Output each record verbatim, with pictures left out.

Saved entries:
*** Begin section ***
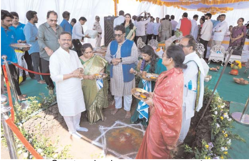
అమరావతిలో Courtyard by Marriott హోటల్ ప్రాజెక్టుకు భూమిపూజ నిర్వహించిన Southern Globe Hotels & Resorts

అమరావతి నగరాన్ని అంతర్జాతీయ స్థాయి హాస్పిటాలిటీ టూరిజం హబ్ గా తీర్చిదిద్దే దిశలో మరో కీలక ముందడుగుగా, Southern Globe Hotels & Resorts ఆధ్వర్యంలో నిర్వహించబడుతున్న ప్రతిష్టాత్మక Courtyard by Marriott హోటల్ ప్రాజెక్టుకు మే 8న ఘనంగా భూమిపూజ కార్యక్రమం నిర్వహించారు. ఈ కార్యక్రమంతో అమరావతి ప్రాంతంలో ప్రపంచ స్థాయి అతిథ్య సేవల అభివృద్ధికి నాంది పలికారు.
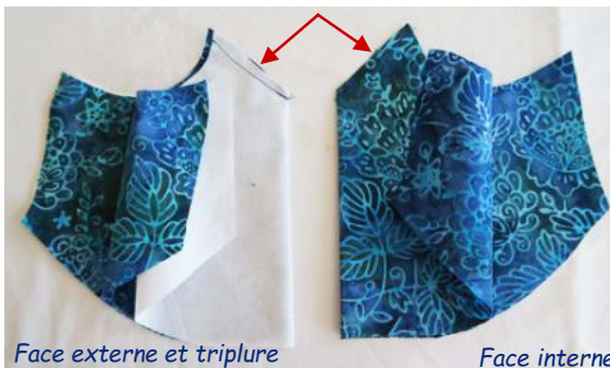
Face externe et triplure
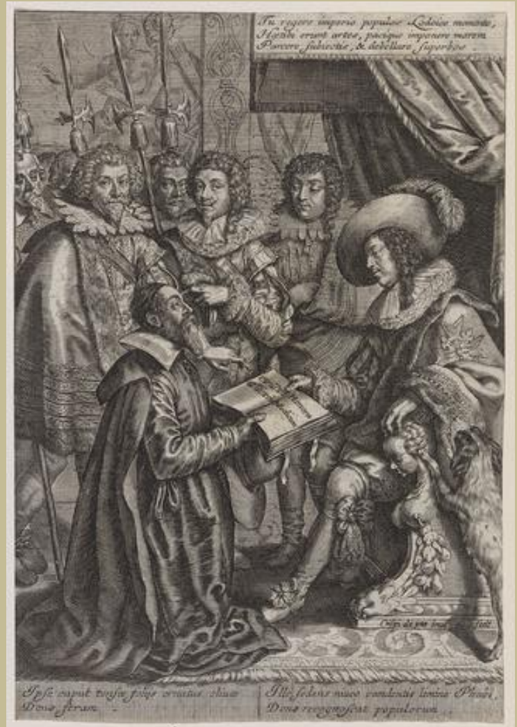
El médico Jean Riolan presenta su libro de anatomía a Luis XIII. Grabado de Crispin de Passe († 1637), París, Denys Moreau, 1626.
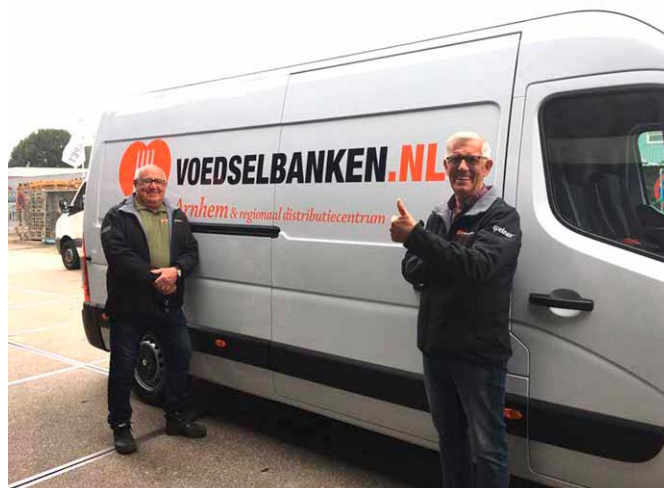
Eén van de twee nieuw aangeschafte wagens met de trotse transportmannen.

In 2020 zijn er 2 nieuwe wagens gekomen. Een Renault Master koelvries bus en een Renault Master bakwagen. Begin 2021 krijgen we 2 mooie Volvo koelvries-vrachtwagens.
*** End section ***
## Answer space
అమరావతిలో Courtyard by Marriott హోటల్ ప్రాజెక్టుకు భూమిపూజ నిర్వహించిన Southern Globe Hotels & Resorts

అమరావతి నగరాన్ని అంతర్జాతీయ స్థాయి హాస్పిటాలిటీ టూరిజం హబ్ గా తీర్చిదిద్దే దిశలో మరో కీలక ముందడుగుగా, Southern Globe Hotels & Resorts ఆధ్వర్యంలో నిర్వహించబడుతున్న ప్రతిష్టాత్మక Courtyard by Marriott హోటల్ ప్రాజెక్టుకు మే 8న ఘనంగా భూమిపూజ కార్యక్రమం నిర్వహించారు. ఈ కార్యక్రమంతో అమరావతి ప్రాంతంలో ప్రపంచ స్థాయి అతిథ్య సేవల అభివృద్ధికి నాంది పలికారు.
Face externe et triplure
El médico Jean Riolan presenta su libro de anatomía a Luis XIII. Grabado de Crispin de Passe († 1637), París, Denys Moreau, 1626.
Eén van de twee nieuw aangeschafte wagens met de trotse transportmannen.

In 2020 zijn er 2 nieuwe wagens gekomen. Een Renault Master koelvries bus en een Renault Master bakwagen. Begin 2021 krijgen we 2 mooie Volvo koelvries-vrachtwagens.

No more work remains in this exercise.